Employment and Training Administration

[TA-W-50,604]

 
Cessna Aircraft Company, Wichita, KS; Notice of Negative 
Determination Regarding Application for Reconsideration

    By application of May 16, 2003, the International Association of 
Machinists and Aerospace workers, District Lodge 70, requested 
administrative reconsideration of the Department's negative 
determination regarding eligibility to apply for Trade Adjustment 
Assistance (TAA), applicable to workers and former workers of the 
subject firm. The denial notice was signed on April 17, 2003, and 
published in the Federal Register on May 7, 2003 (68 FR 24503).
    Pursuant to 29 CFR 90.18(c) reconsideration may be granted under 
the following circumstances:
    (1) If it appears on the basis of facts not previously considered 
that the determination complained of was erroneous;
    (2) If it appears that the determination complained of was based on 
a mistake in the determination of facts not previously considered; or
    (3) If in the opinion of the Certifying Officer, a mis-
interpretation of facts or of the law justified reconsideration of the 
decision.
    The petition for the workers of Cessna Aircraft Company, Wichita, 
Kansas was denied because the ``contributed importantly'' group 
eligibility requirement of Section 222(3) of the Trade Act of 1974, as 
amended, was not met.
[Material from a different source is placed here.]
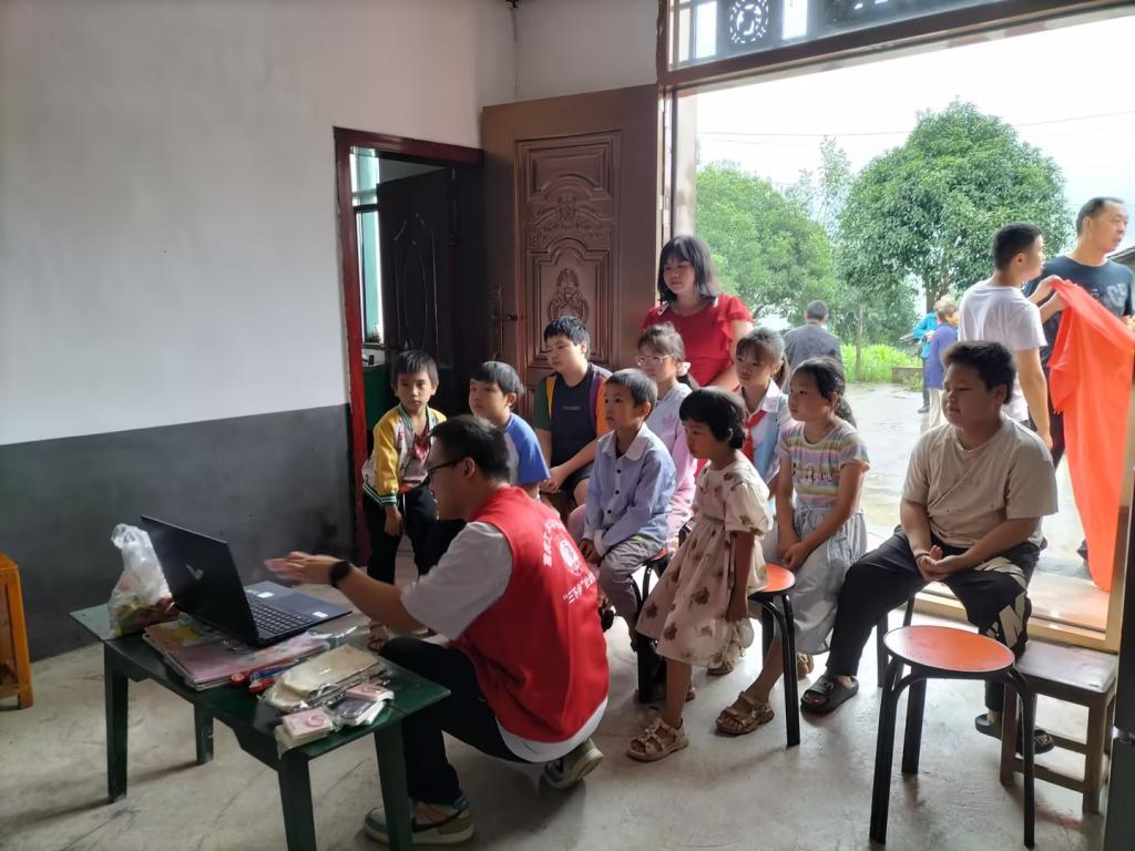 上午10时,实践团抵达明水村,在明水村村支书的带领下,前往农户家中开展教育宣讲活动。考虑到近年来新发展理念和乡村振兴战略在两会上被多次提及,实践团重点围绕这两个板块进行展开。待小朋友聚集后,实践团成员李新悦先以国内外经典经济学故事吸引小朋友们的眼球,再在其中穿插习近平经济思想的九个要点,后以日本排放核污水事件为例,分析了核污水对全球环境的恶劣影响,展示了受到核污染的海洋现状和变异生物等案例,从而强调了兼顾发展与环保的重要性,继而引出了新发展理念这一重要思想,并重点解读了“绿水青山就是金山银山”这一重要发展观点。

The company did not import business jet aircraft 
in the relevant period, nor did they shift production to a foreign 
facility.
    The union alleges that the company shifted production of ``sections 
of the tail and wing assembly of the CJ-3 and Citation Soverence'' to 
Canada, and that ``this work is normally performed by'' subject firm 
workers.
    Contact with the company in regard to this allegation revealed 
that, although the company did outsource these components to Canada, 
they were never produced at the Wichita facility, thus this production 
is irrelevant to the investigation.
    The union also alleged that airplane parts competitive with those 
produced in Wichita are now being produced in ``Poland, Czechoslovakia, 
and Mexico.''
    In response to this allegation, a company official stated that the 
company outsourced an insignificant amount of production to Poland, 
comprising a negligible amount of total annual production at the 
Wichita plant. The official also stated that, although Czechoslovakia 
is currently being considered as a potential outsourcing location, the 
company has not yet imported or used any products produced in that 
country. The official also stated that Mexico is currently not a 
serious consideration in terms of outsourcing production for the 
company.

Conclusion

    After review of the application and investigative findings, I 
conclude that there has been no error or misinterpretation of the law 
or of the facts which would justify reconsideration of the Department 
of Labor's prior decision. Accordingly, the application is denied.

    Signed at Washington, DC this 3rd day of June, 2003
Elliott S. Kushner,
Certifying Officer, Division of Trade Adjustment Assistance.